Scientific classification
Kingdom: Animalia
Phylum: Arthropoda
Subphylum: Chelicerata
Class: Merostomata or Xiphosura
Order: Xiphosura or Xiphosurida
Family: Limulidae
Species: Limulus polyphemus

Tachypleus gigas
Tachypleus tridentatus
Carcinoscorpius rotundicauda

Horseshoe crab is the common name for various marine chelicerate arthropods of the family Limulidae, and in particular the extant species Limulus polyphemus of the Atlantic of North America. The other extant species known as horseshoe crabs are the Indo-Pacific species Tachypleus gigas, Tachypleus tridentatus, and Carcinoscorpius rotundicauda. Horseshoe crabs are characterized by a heavy, domed, horseshoe-shaped carapace, a pointed, spiky telson ("tail"), a jawless mouth, and the presence of compound eyes. Despite the name, horseshoe crabs are more closely related to spiders and scorpions than to crabs. Beneath the carapace, they look similar to a large spider.
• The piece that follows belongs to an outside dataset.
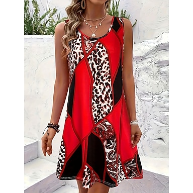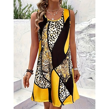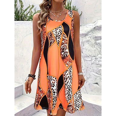 Naisten Polvipituinen mekko Kesämekko A linjainen mekko Loma Vapaa-aika Boheemi Hiekkaranta Juhla Häät Normaali Kuvitettu Leopardi Geometrinen Hihaton U kaula-aukko Keltainen Rubiini Oranssi Beesi

Horseshoe crabs have a long fossil record and these "living fossils" have hardly changed over the last 445 million years; the modern horseshoe crabs look almost identical to prehistoric genera, such as the Jurassic Mesolimulus.

Ecologically, horseshoe crabs are important in marine food chains. They consume invertebrates such as mollusks, worms, crustaceans, and small fish, and are preyed upon by many species of fish and birds, as well as sea turtles and sharks. At least twenty species of migratory shore birds depend on horseshoe crab eggs as their primary source of fat (MRRI).
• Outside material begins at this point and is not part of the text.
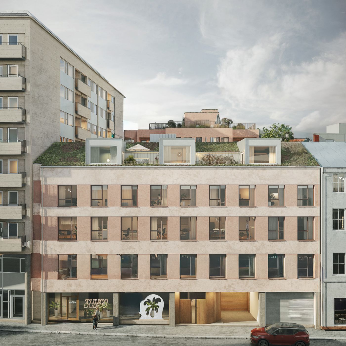 Prosjektet i Bjerregaards gate 2 på St. Hanshaugen er et transformasjonsprosjekt som tar utgangspunkt i et eksisterende næringsbygg fra 1960-tallet. PIR2 har utviklet et nytt prosjekt som både kompletterer kvartalsstrukturen og oppgraderer bygningsmassen til dagens standard. To nye boligbygg med til sammen 16 leiligheter, ett mot Bjerregaards gate og ett mot Waldemar Thranes gate, danner et helhetlig byrom med en felles takhage og grønne uterom for beboerne.

For humans, horseshoe crabs are uniquely valuable in medicine and research. The immune system of L. polyphemus yields an agent in the blood that is collected and used to detect microbial pathogens in intravenous fluids, injectable drugs, and supplies (MRRI). Limulus also is used in research into the physiology of vision and the development of wound dressings and surgical sutures (MRRI). Their use as bait in fishing for eels and whelks has come under criticism because of declining numbers of horseshoe crabs, affecting other marine populations.

Description

The mouth opening is between the legs, the gills are visible below.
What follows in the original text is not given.